PROBLEM TO WORK ON:
Retype each record below word for word, pictures excluded.

Stored items:
>>>>

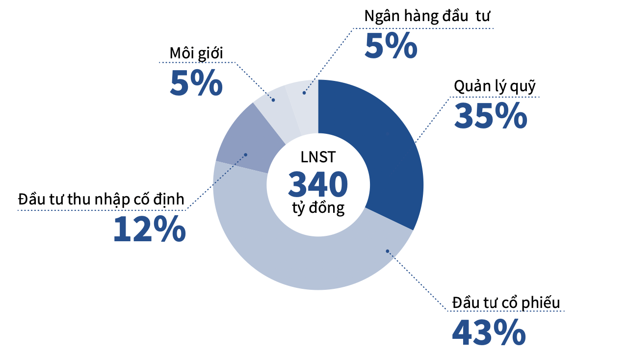 Trước đó, trong năm 2025, hoạt động đầu tư vào cổ phiếu niêm yết là nguồn đóng góp lợi nhuận lớn nhất của công ty, chiếm khoảng 33% tổng lợi nhuận trước chi phí phân bổ trong năm 2025. Lĩnh vực quỹ đầu tư ghi nhận mức tăng trưởng đáng kể, đóng góp khoảng 37% tổng lợi nhuận (so với mức 27% của năm trước). Kinh doanh nguồn vốn, chủ yếu là các hoạt động đầu tư trong phần chứng khoán có thu nhập cố định duy trì đóng góp ổn định ở mức 16%. Phần còn lại đến từ đầu tư tư nhân, môi giới và tư vấn.
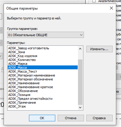 В новом окне отобразится список общих параметров, доступных для добавления в проект. Выберите нужную группу в
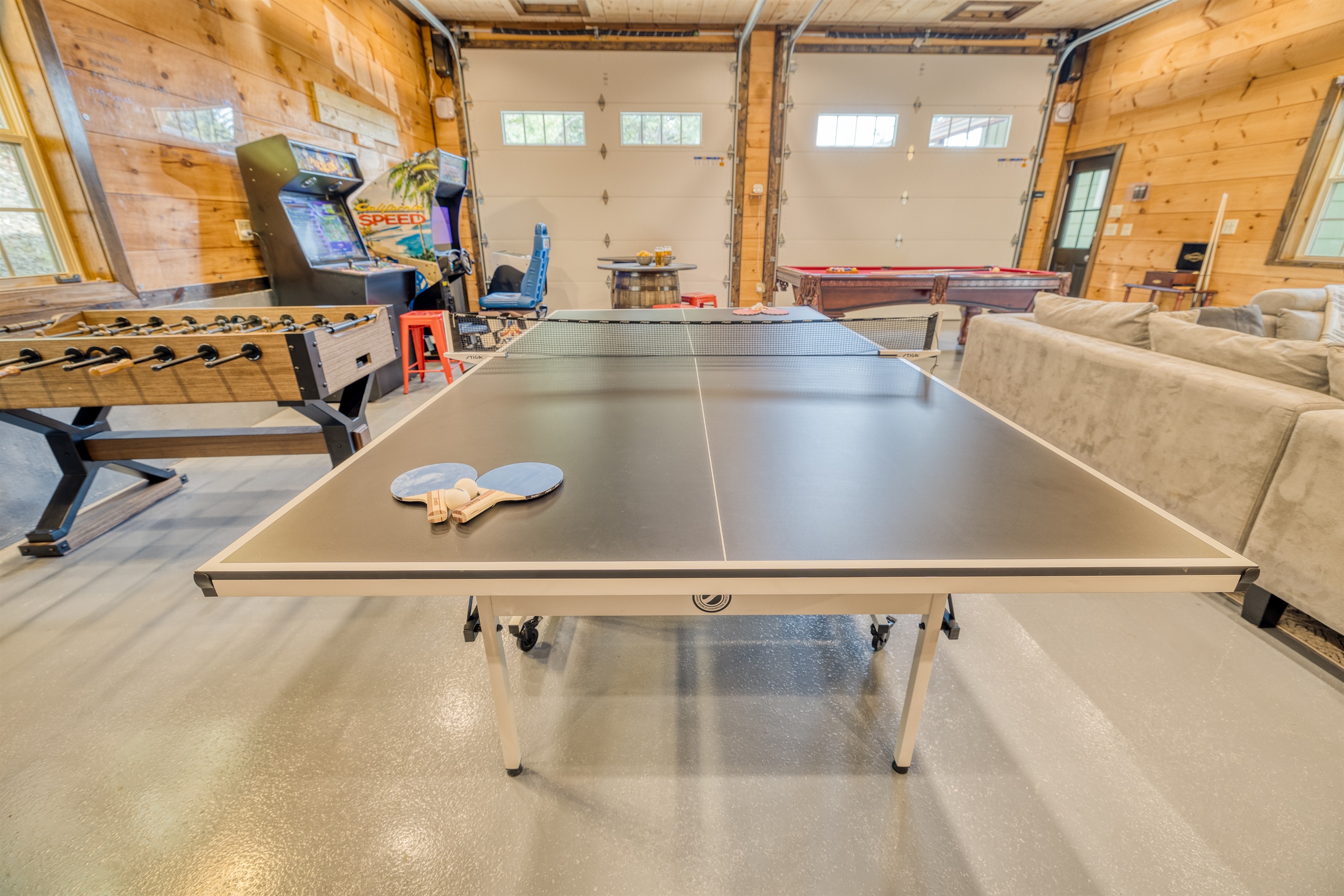 The detached, finished garage is the ultimate mancave with a massive 1200 sq ft arcade and private 800 sq ft apartment above. What a luxury vacation experience!! The arcade features a pool table, air hockey table, foosball table, 1300 game multicade AND driving arcade game! Take a break from the competition and enjoy the 65 inch smart TV.
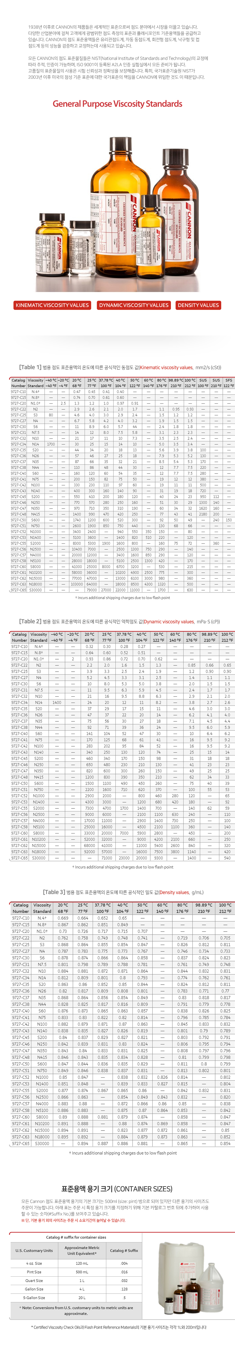 CANNON사는 ASTM D445/446 및 ISO 3104/3105의 정밀한 규격에 따르는 점도 표준용액들을 공급하고 있습니다. 다양한 목적의 표준용액들을 사이즈별로 제공합니다. 각각의 Lot별 규격데이터를 함께 보내드립니다.
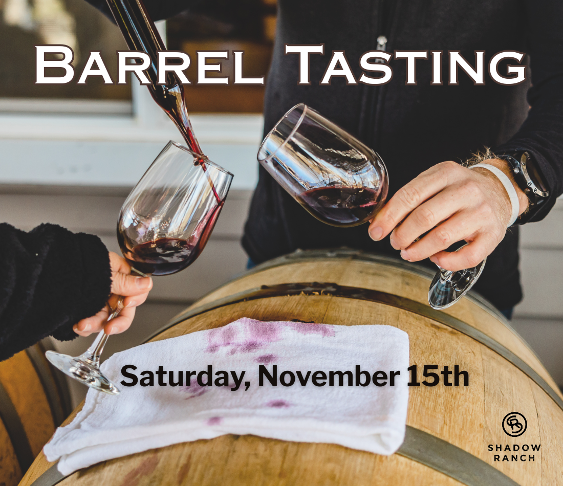Shadow Ranch Vineyards 7050 Fair Play Road, Fair Play, CA, United StatesCome by on Saturday, November 15th for a chance to taste upcoming Shadow Ranch wines straight from the barrel! Winemaker Sam Patterson will be there to pour two new wines for you. You will also have the opportunity to purchase futures on these great new wines! https://shadowranch.orderport.net/reservations/11808/Shadow-Ranch/booking
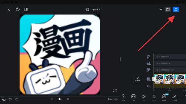 4、將素材導(dǎo)入剪輯軌道,根據(jù)需求進(jìn)行剪輯,剪輯后點(diǎn)擊右上角導(dǎo)出↑的圖標(biāo)即可完成。
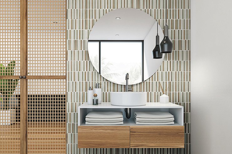 光沢感の異なるタイルを織り交ぜたシリーズです。スタイリッシュな印象のモノトーン系と和を感じさせる落ち着いた色合いのカラーミックス系のラインナップです。
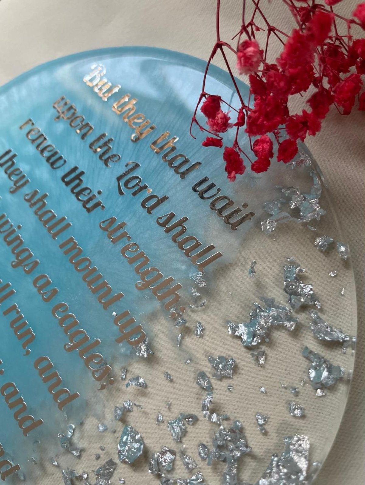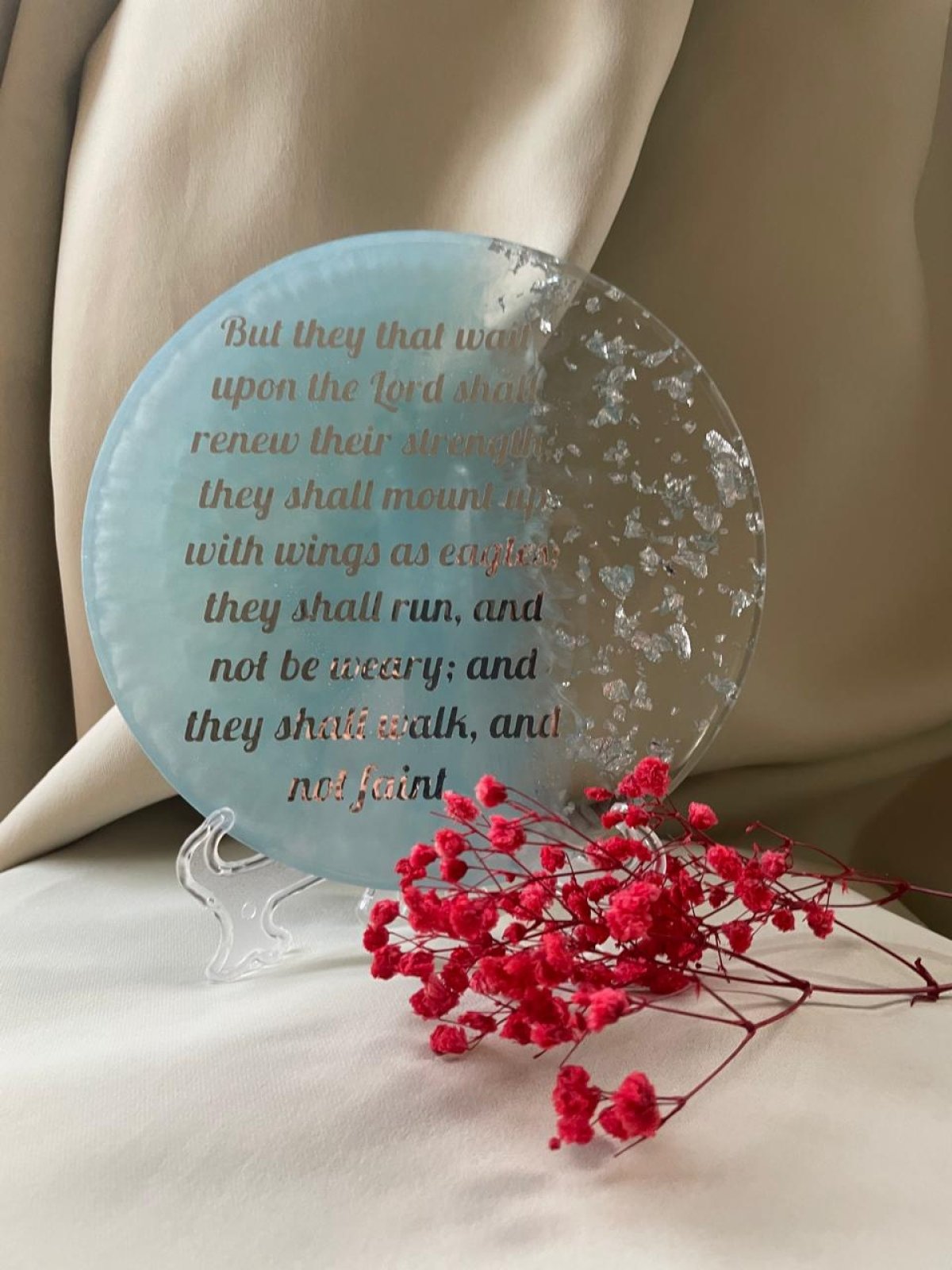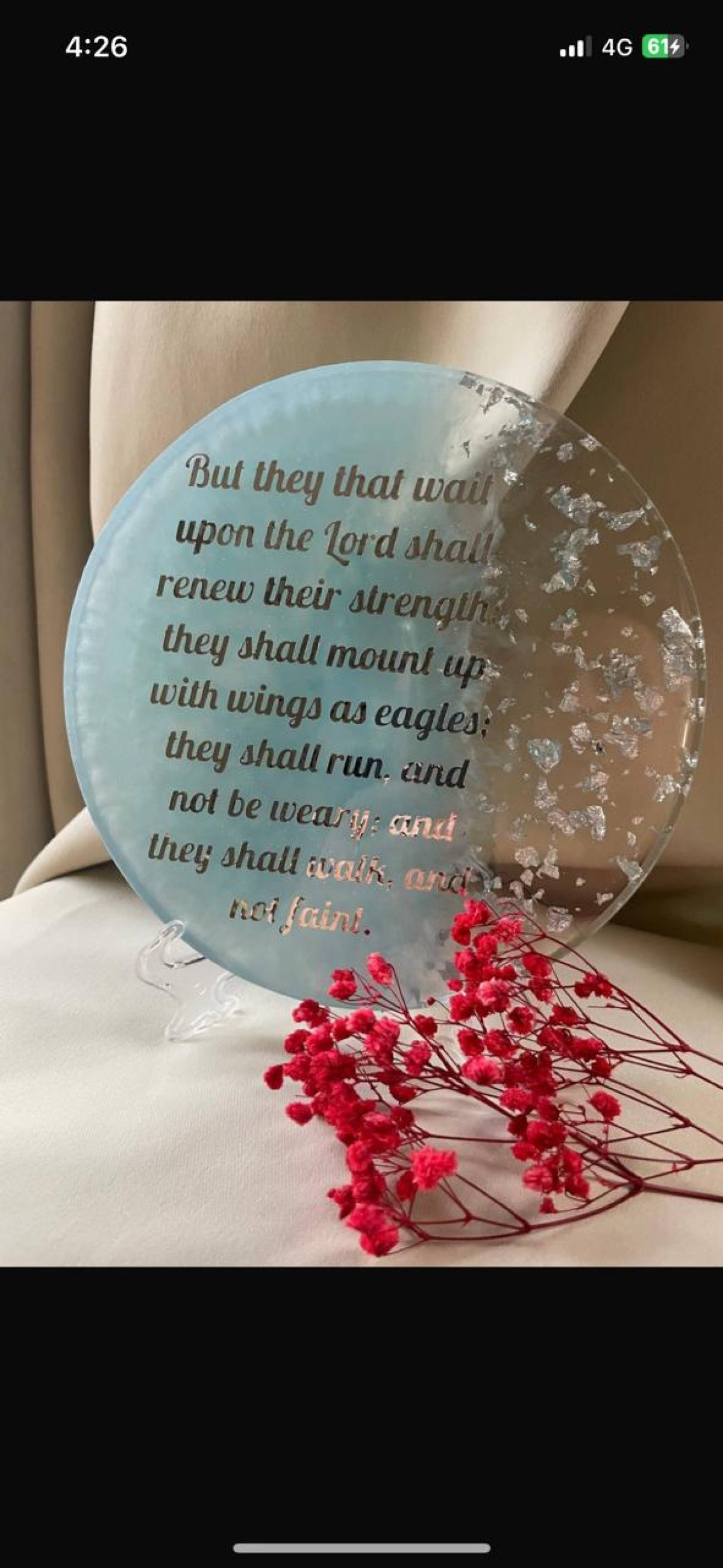 ريزن ستاند "وَأَمَّا مُنْتَظِرُو الرَّبِّ فَيُجَدِّدُونَ قُوَّةً. يَرْفَعُونَ أَجْنِحَةً كَالنُّسُورِ. يَرْكُضُونَ وَلاَ يَتْعَبُونَ. يَمْشُونَ وَلاَ يُعْيُونَ." اية من الانجيل تصميم رقيق باللون اللبنى طباعة ڤينيل سيلڤر مع ورق ذهب سيلڤر المقاس: ٢٠ سم متاح كل الالوان السعر يشمل التغليف

<<<<

ANSWER TO THIS TASK:
 Trước đó, trong năm 2025, hoạt động đầu tư vào cổ phiếu niêm yết là nguồn đóng góp lợi nhuận lớn nhất của công ty, chiếm khoảng 33% tổng lợi nhuận trước chi phí phân bổ trong năm 2025. Lĩnh vực quỹ đầu tư ghi nhận mức tăng trưởng đáng kể, đóng góp khoảng 37% tổng lợi nhuận (so với mức 27% của năm trước). Kinh doanh nguồn vốn, chủ yếu là các hoạt động đầu tư trong phần chứng khoán có thu nhập cố định duy trì đóng góp ổn định ở mức 16%. Phần còn lại đến từ đầu tư tư nhân, môi giới và tư vấn.
 В новом окне отобразится список общих параметров, доступных для добавления в проект. Выберите нужную группу в
 The detached, finished garage is the ultimate mancave with a massive 1200 sq ft arcade and private 800 sq ft apartment above. What a luxury vacation experience!! The arcade features a pool table, air hockey table, foosball table, 1300 game multicade AND driving arcade game! Take a break from the competition and enjoy the 65 inch smart TV.
 CANNON사는 ASTM D445/446 및 ISO 3104/3105의 정밀한 규격에 따르는 점도 표준용액들을 공급하고 있습니다. 다양한 목적의 표준용액들을 사이즈별로 제공합니다. 각각의 Lot별 규격데이터를 함께 보내드립니다.
Shadow Ranch Vineyards 7050 Fair Play Road, Fair Play, CA, United StatesCome by on Saturday, November 15th for a chance to taste upcoming Shadow Ranch wines straight from the barrel! Winemaker Sam Patterson will be there to pour two new wines for you. You will also have the opportunity to purchase futures on these great new wines! https://shadowranch.orderport.net/reservations/11808/Shadow-Ranch/booking
 4、將素材導(dǎo)入剪輯軌道,根據(jù)需求進(jìn)行剪輯,剪輯后點(diǎn)擊右上角導(dǎo)出↑的圖標(biāo)即可完成。
 光沢感の異なるタイルを織り交ぜたシリーズです。スタイリッシュな印象のモノトーン系と和を感じさせる落ち着いた色合いのカラーミックス系のラインナップです。
 ريزن ستاند "وَأَمَّا مُنْتَظِرُو الرَّبِّ فَيُجَدِّدُونَ قُوَّةً. يَرْفَعُونَ أَجْنِحَةً كَالنُّسُورِ. يَرْكُضُونَ وَلاَ يَتْعَبُونَ. يَمْشُونَ وَلاَ يُعْيُونَ." اية من الانجيل تصميم رقيق باللون اللبنى طباعة ڤينيل سيلڤر مع ورق ذهب سيلڤر المقاس: ٢٠ سم متاح كل الالوان السعر يشمل التغليف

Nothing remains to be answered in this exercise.